– Так как же тогда?
– Я думаю, так будет лучше, – промямлила я в ответ. Как и все люди, твердо решившие сделать что-то плохое, я старательно искала и находила причины, почему поступить по-другому нельзя. – Так будет лучше для нас обоих.
– Возможно, ты и права, – вздохнула мама. – Я могу тебя понять. Когда-то я не могла найти даже минуты, чтобы хоть как-то выдохнуть. Твой папа…
– Как он, кстати? – перебила я маму. Сколько себя помню, моя мама никогда не могла «хоть как-то выдохнуть». Эта фраза прежде не имела для меня никакого смысла, а теперь я вдруг поняла, что сама чувствую нечто подобное: не могу «вдохнуть» свободно. И выдохнуть тоже. Значит, вот что мама имела в виду.
– А что ему сделается? – фыркнула мама. – Пивную, кажется, еще не закрыли.
– О, это понятно, – усмехнулась я. – Кто ж ее позволит закрыть! Наша пивная – это же достояние народа. Культурная ценность, место общественной жизни всего нашего района.
– Смейся-смейся, а я слышала, между прочим, что ваш дом на Карбышева все-таки снесут.
– Где слышала? – поморщилась я. – Опять в поликлинике болтают? Этот дом снесут только в одном случае, если жильцы сами в него динамиту подложат. Кстати, хорошая мысль. Надо только, чтобы никто не пострадал.
– Диана, я серьезно, – обиделась мамуля. – Мне Аркашка говорил. Он тебе не звонил, кстати?
– Не-а, – покачала я головой. Аркашка мне звонил все реже, хотя в первое время, когда я только переехала на улицу Расплетина, он частенько позванивал, и мы с ним болтали. Аркашка – мой сосед снизу в доме, который построил Джек… Шучу. В том доме, где я родилась, выросла, научилась всему, что могла, то есть курить, выпивать, ждать у моря погоды и прочим полезным вещам. Я родилась и выросла в старой пятиэтажке, стоящей торцом к бульвару Генерала Карбышева, в первом подъезде, расположенном как раз напротив пункта приема стеклотары, где собиралась и собирается по сей день вся алкогольная общественность нашего района. Моя квартира под номером тринадцать располагалась на пятом этаже, Аркашкина – прямо подо мной, а пивная прямо за углом, с другой стороны здания пункта приема стеклотары. Все эти обстоятельства никак не могли пройти бесследно для моей психики.

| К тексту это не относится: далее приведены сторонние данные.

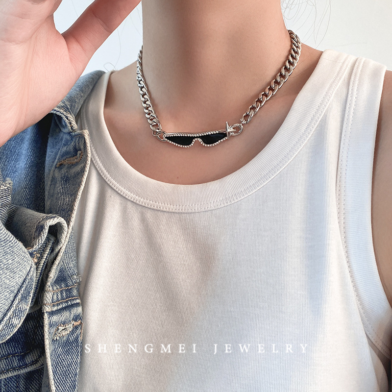 Titanium steel sweet cool sunglasses Cuban necklace female ins trendy hip hop clavicle chain internet celebrity 2023 new accessories necklace
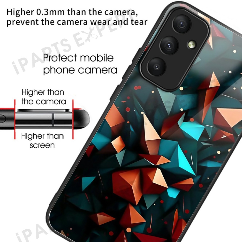 For Samsung Galaxy A56 5G Case Tempered Glass TPU Drop-Proof Pattern Printing Phone Cover - Colorful Diamond Pattern
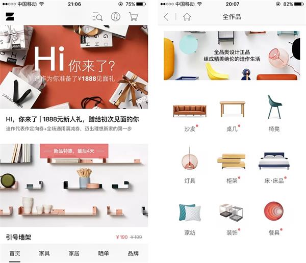 售賣原創設計家居品牌的平臺。不知道有多少人像我一樣,去宜家買東西,只會選擇一些小玩意,大的家具不太會去選擇宜家的。因為宜家的一些大家具,材質以刨花板和密度板居多,用久了就容易變形。其實性價比不是太高。一些大的裝飾城里的家具感覺又太普通,缺乏設計感。造作上有很多極具設計感的家具,適合年輕消費者。
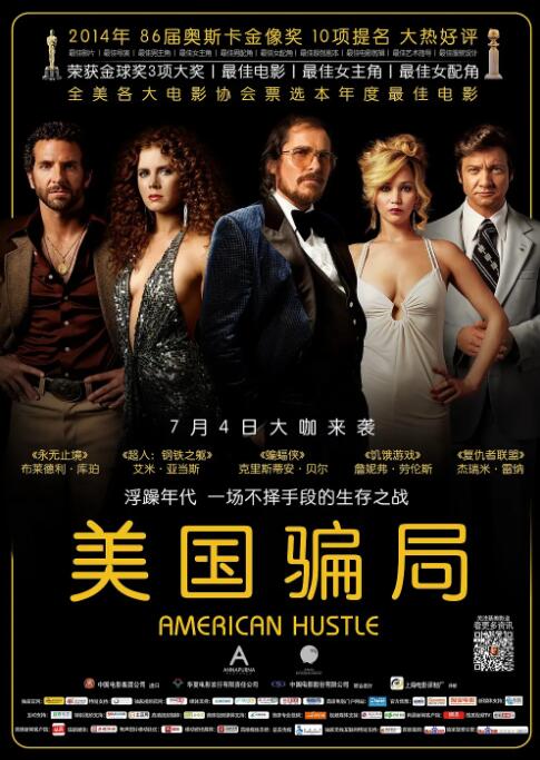 剧情片美国骗局讲述了: 一次偶然中,埃文(克里斯蒂安·贝尔 Christian Bale 饰)遇见了性感美艳的脱衣舞女西德尼(艾米·亚当斯 Amy Adams 饰),趣味相投的两人一见钟情,很快就打得火热。没想到,埃文是一个职业骗子,在他的鼓动和“爱情的力量”影响之下,西德尼毅然入伙,两人联手合作,将“事业”经营的有声有色。然而,常在河边走哪有不湿鞋,警方早已经盯上了行事作风颇为高调的埃文和西德尼,终于,在一次精密筹划的行动中将两人捉拿归案。经不住FBI探员里奇(布莱德利·库珀 Bradley Cooper 饰)的游说和诱惑,埃文和西德尼决定与其合作,“戴罪立功”。尽管拾起了“老本行”,但这次一次,埃文和西德尼显然站在了正义的那一方,因为他们的对手是那些贪赃枉法的腐败官员。
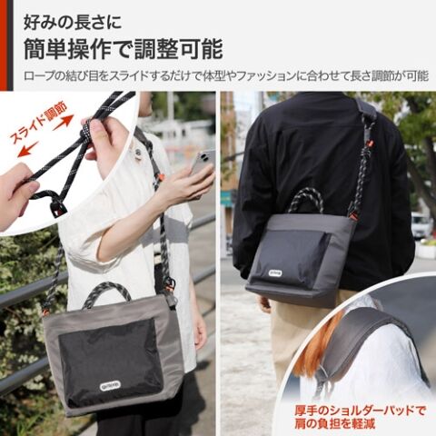ロープの結び目を軽くつまんでスライドさせるだけの簡単操作で、持ち方やファッションに合わせて自由にお好みの長さに調節できます。
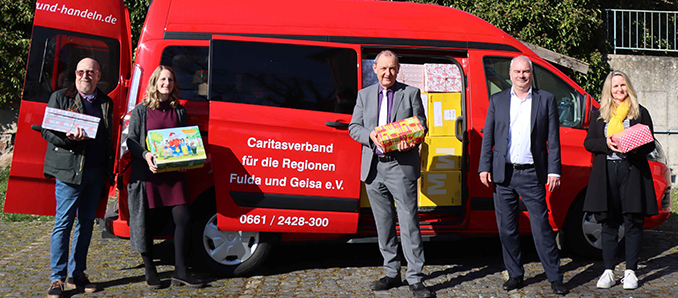 Bunte Päckchen, Kartons und Geschenktüten – der rote Caritas-Bus war vollgepackt mit kleinen Aufmerksamkeiten. Denn die Mitarbeitenden des Caritasverbandes für die Diözese Fulda und des Caritasverbandes für die Regionen Fulda und Geisa wollen den Flüchtlingen nach ihrem langen Weg nach Deutschland eine kleine Freude machen und für einen guten Start in der Caritas-Unterkunft sorgen. Deshalb wurde im Team fleißig gesammelt. Die Zahl der Päckchen war überwältigend. Darin jeweils enthalten: Zahnbürste, Zahnpasta, Duschgel, Shampoo, Seife, Desinfektionsmittel, FFP2-Masken, Waschlappen, Müsliriegel und ein Überraschungs-Ei.
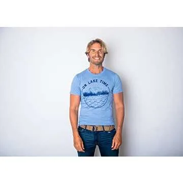Mens On Lake Time Tshirt Cool Outdoor Camping Tee for Guys Funny T Shirts Cool Camping T Shirt Novelty Tees for Guys Light Grey L
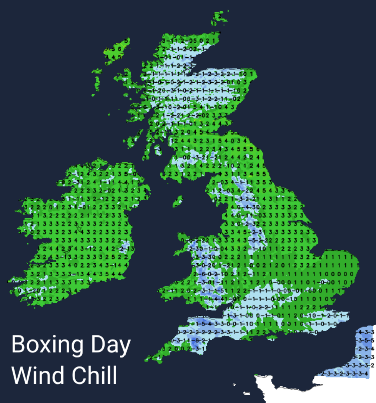 The chance of any meaningful snow at low levels remains slim. This festive period shows no signal for widespread snowfall, with most areas staying dry. The odd wintry shower mixing rain and sleet might clip northern hills, but nothing disruptive is currently on the cards.
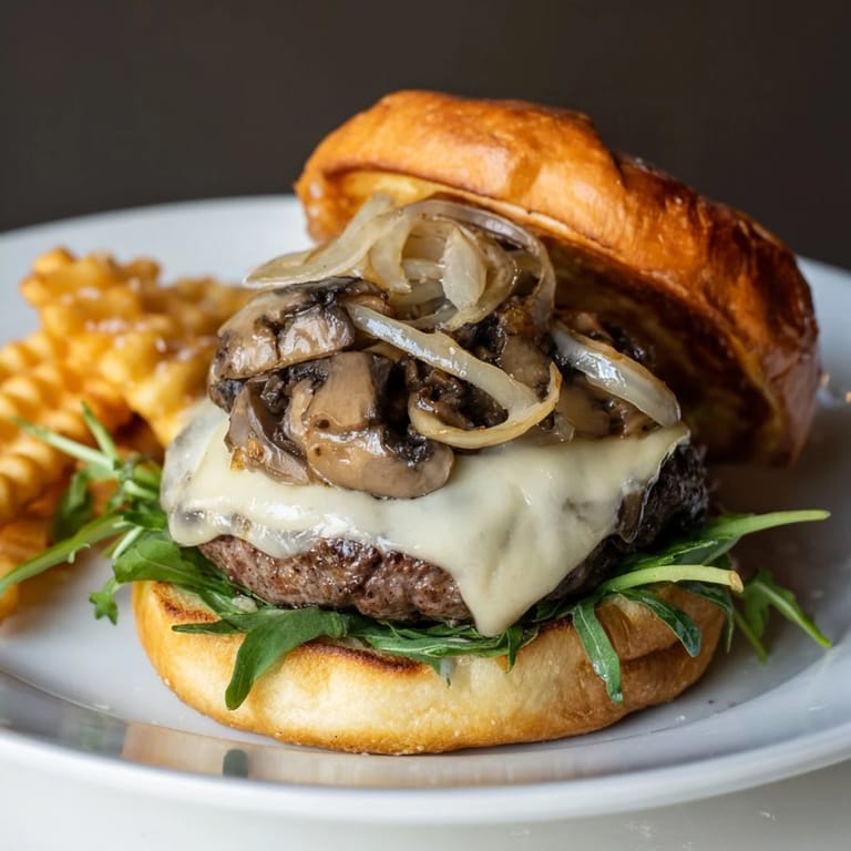 I first made these Mushroom Swiss Burgers for a backyard family get-together, and they quickly became a requested favorite. The waffle fries, golden and crispy, make an irresistible side that everyone loves to snack on even before the burgers are ready.
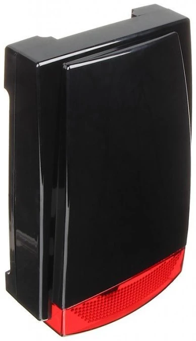Sygnalizator zewnętrzny w czarnej obudowie, optyczno-akustyczny, diody LED, światło czerwone, przetwornik piezoelektryczny, 115d

– Аркашка сказал, что ему в почтовый ящик положили какую-то бумажку. Ты вообще-то почту хоть проверяешь? Или все пустила на самотек? – строго спросила мама. Я, конечно, подтвердила, что почту из родного дома забираю так, что «будьте-нате». Раз в неделю, а то и чаще, что, конечно же, было полнейшим враньем. На Карбышева я не появлялась вообще.
– Мне ничего не присылали, но я на всякий случай еще раз проверю, – пообещала я маме.
– Не проворонь, а то переселят вас в какую-нибудь дыру, – пригрозила мама.
Я рассмеялась про себя. Честно говоря, большей дыры, чем дом моего детства, трудно себе даже представить. И еще одно обстоятельство делало отчий дом местом отвратительным: подруга. Та самая подруга детства, которая увела у меня мужа. Она жила в том же доме и в том же подъезде, только на первом этаже. С моим бывшим мужем. До сих пор. Так что, куда бы меня ни переселили, если в этой новой «дыре» не будет Катерины и Сергея Сосновских, я буду считать, что мне дали квартиру в раю.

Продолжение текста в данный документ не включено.